▸ **TASK STATEMENT**
Down to the final line, print the records below exactly and without pictures.

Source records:
____

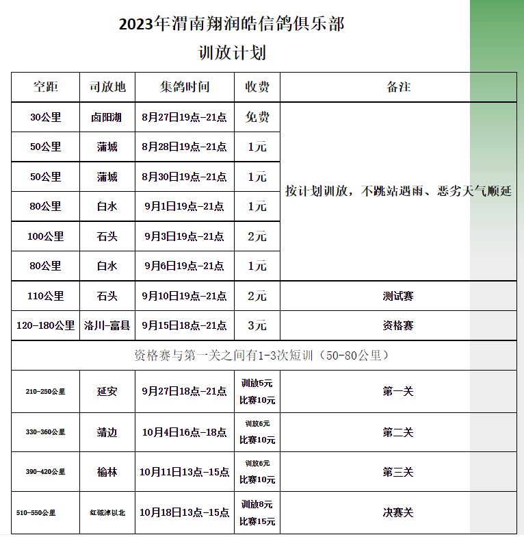 陕西渭南翔润皓信鸽俱乐部秋赛预计训放八站,8月底以30公里起站,一直训到9月中。9月底迎来210——250公里第一关挑战,随后一周打一场,不跳站,各站遇雨或恶劣天气,比赛时间顺延,计划将于10月中结束全部赛事。
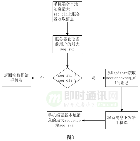当服务器和手机端都拥有了一个 sequence 之后,服务器和手机端之间就可以根据两者 sequence 的差异来收取消息,同时保证手机端未收取下去的消息最终能够收取下去。
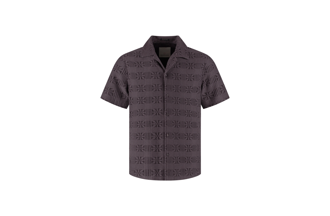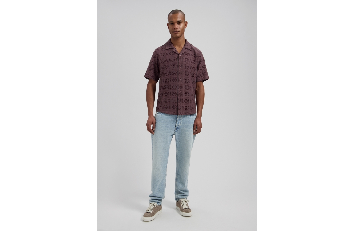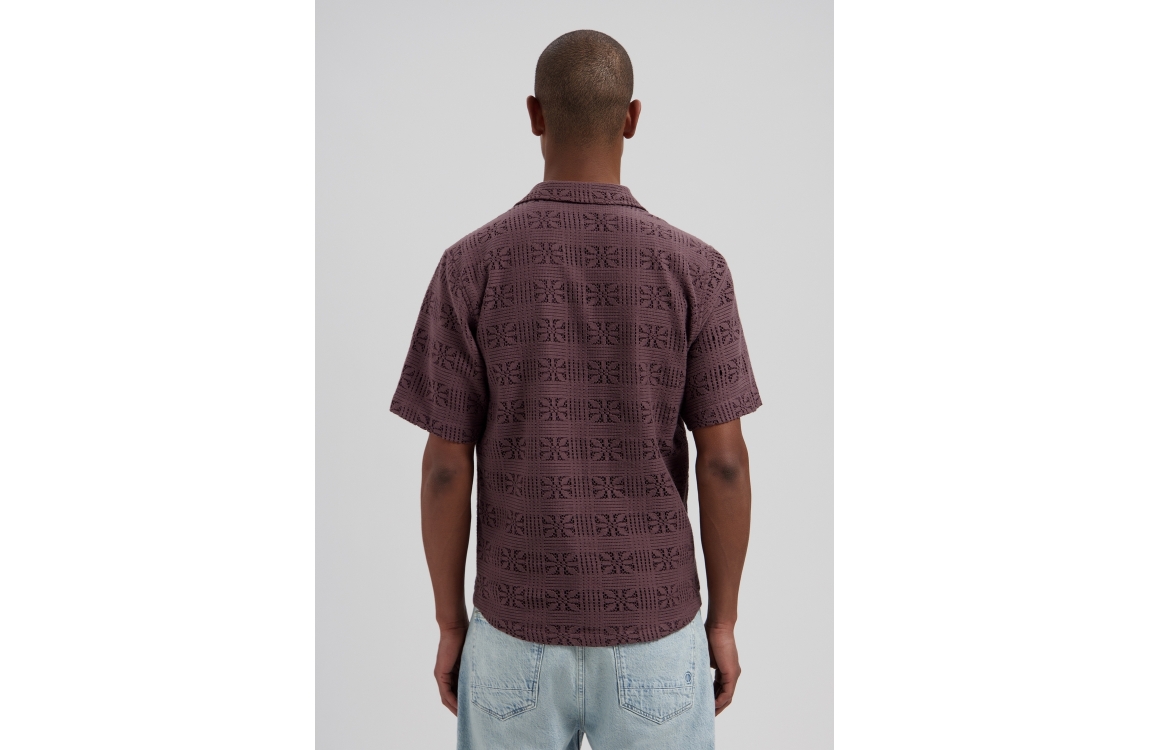 Dstrezzed Luca overhemd 311519. Dit wide fit model heeft een kraag, korte mouwen en sluit door middel van knopen. Dit paarse overhemd van Dstrezzed is uitgevoerd in een broderie materiaal en is gevoerd.
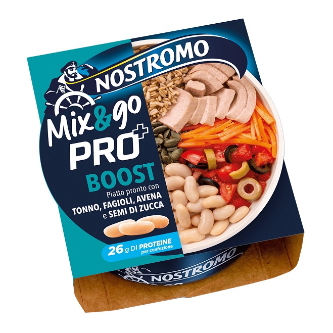 Un gusto intenso e sfizioso caratterizza anche Mix&Go Pro+ Boost, che combina sapientemente un binomio classico come tonno e fagioli, alla freschezza di pomodoro, carota, olive verdi e nere. Arricchita da avena e semi di zucca, questa insalata “apri e gusta” rappresenta un pasto completo e bilanciato.
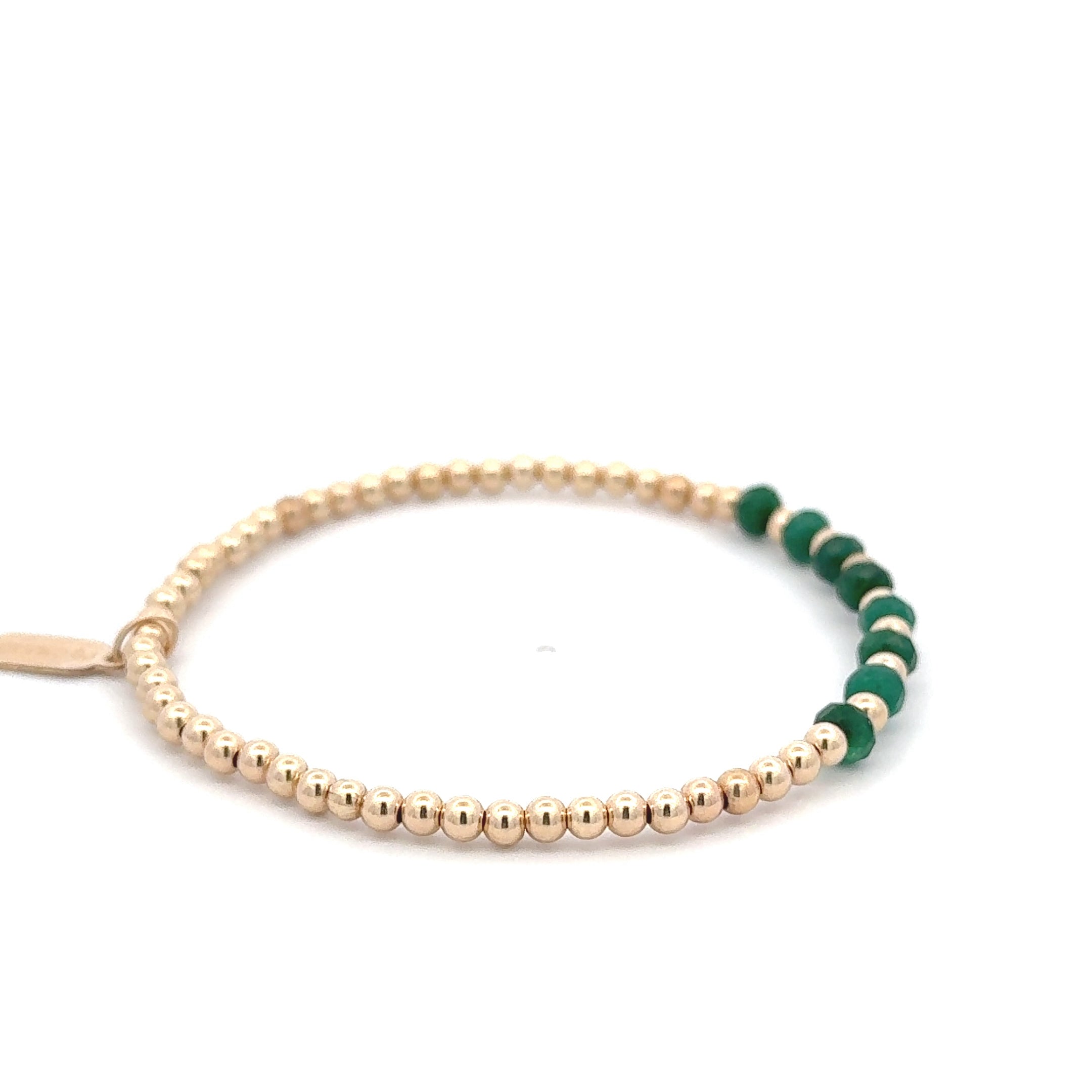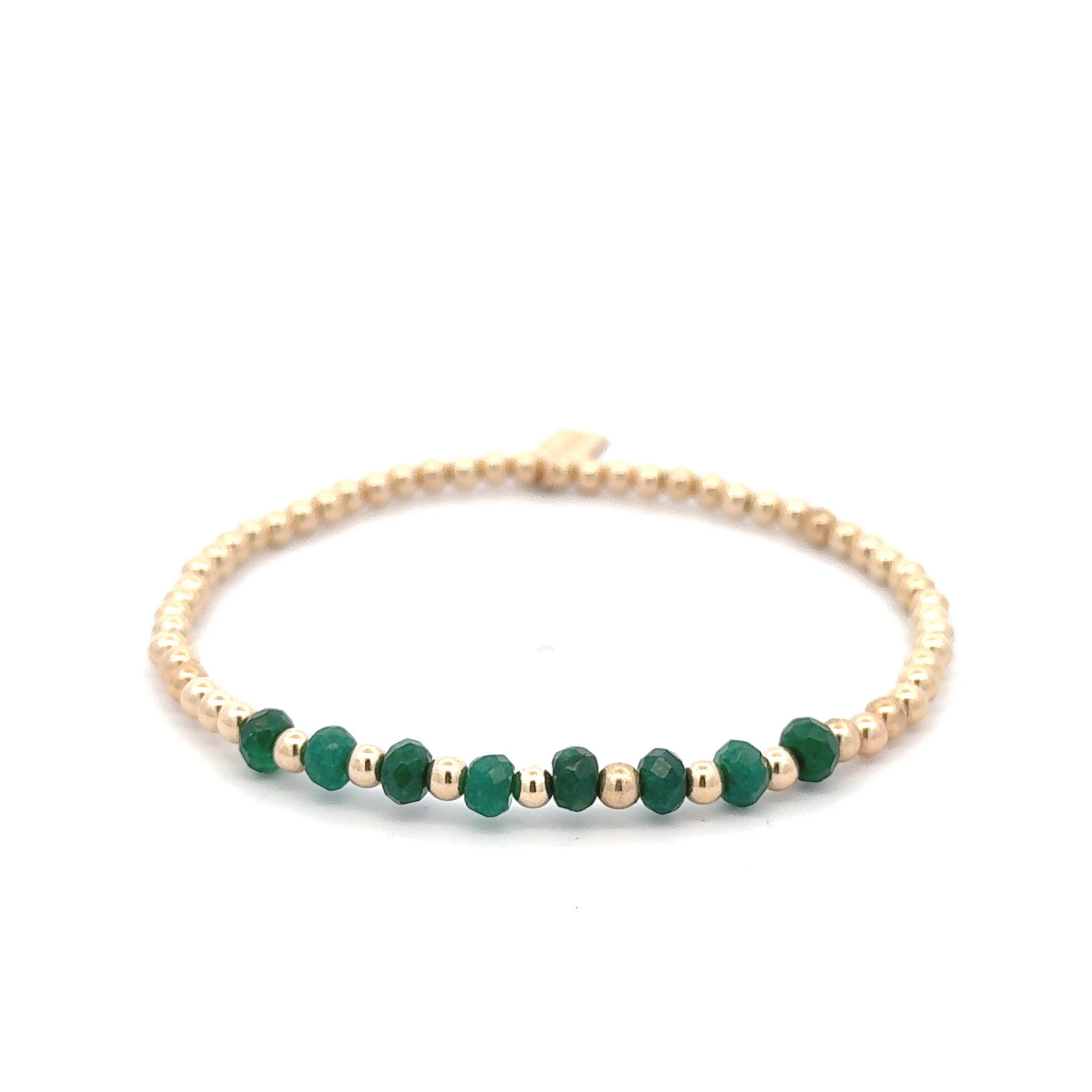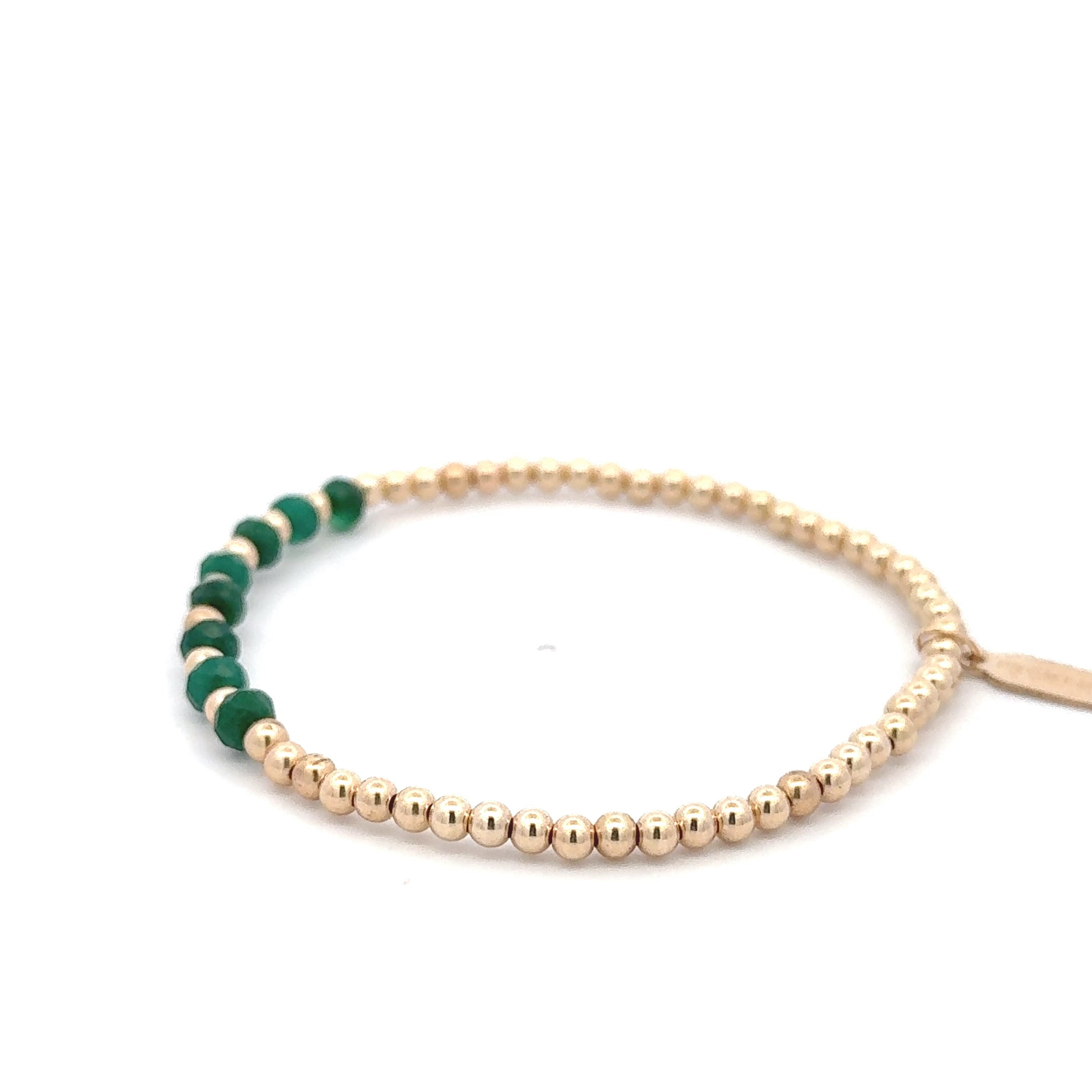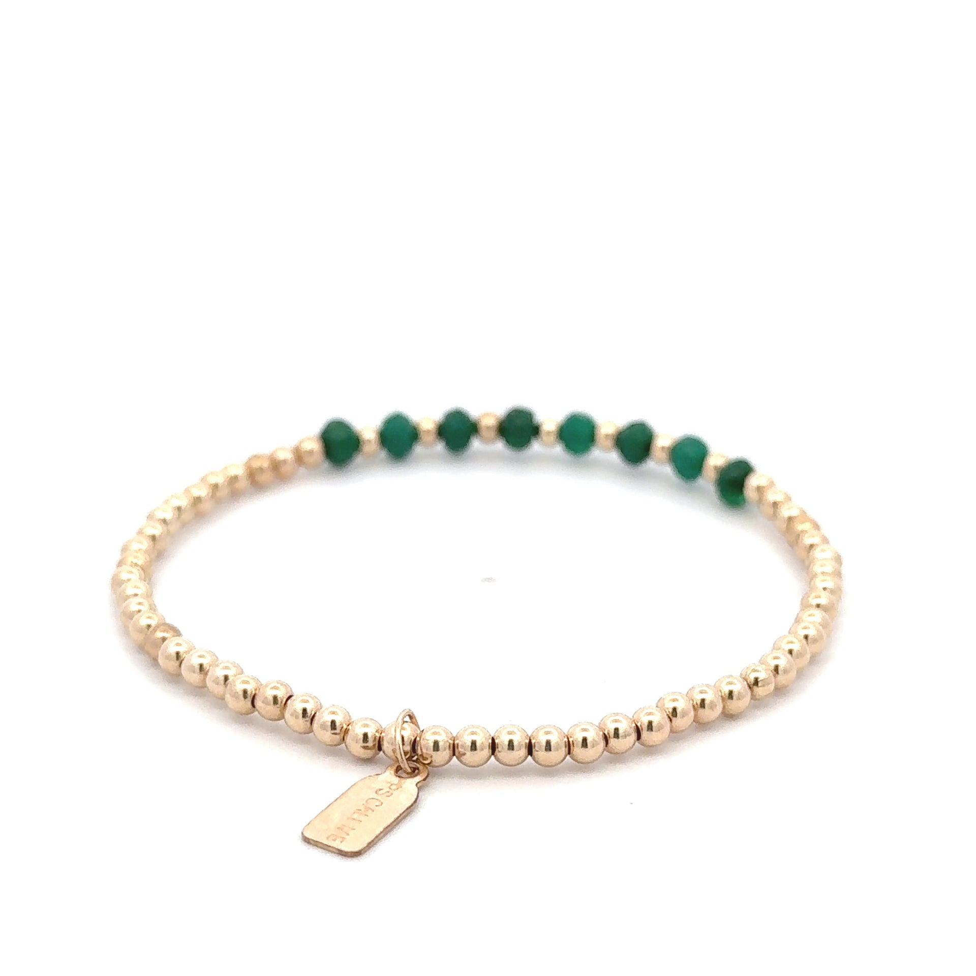 Pulsera elástica con bolitas de color dorado y hilera de piedras de colores.

____

▸ **OUTPUT BELOW**
 陕西渭南翔润皓信鸽俱乐部秋赛预计训放八站,8月底以30公里起站,一直训到9月中。9月底迎来210——250公里第一关挑战,随后一周打一场,不跳站,各站遇雨或恶劣天气,比赛时间顺延,计划将于10月中结束全部赛事。
当服务器和手机端都拥有了一个 sequence 之后,服务器和手机端之间就可以根据两者 sequence 的差异来收取消息,同时保证手机端未收取下去的消息最终能够收取下去。
 Dstrezzed Luca overhemd 311519. Dit wide fit model heeft een kraag, korte mouwen en sluit door middel van knopen. Dit paarse overhemd van Dstrezzed is uitgevoerd in een broderie materiaal en is gevoerd.
 Un gusto intenso e sfizioso caratterizza anche Mix&Go Pro+ Boost, che combina sapientemente un binomio classico come tonno e fagioli, alla freschezza di pomodoro, carota, olive verdi e nere. Arricchita da avena e semi di zucca, questa insalata “apri e gusta” rappresenta un pasto completo e bilanciato.
 Pulsera elástica con bolitas de color dorado y hilera de piedras de colores.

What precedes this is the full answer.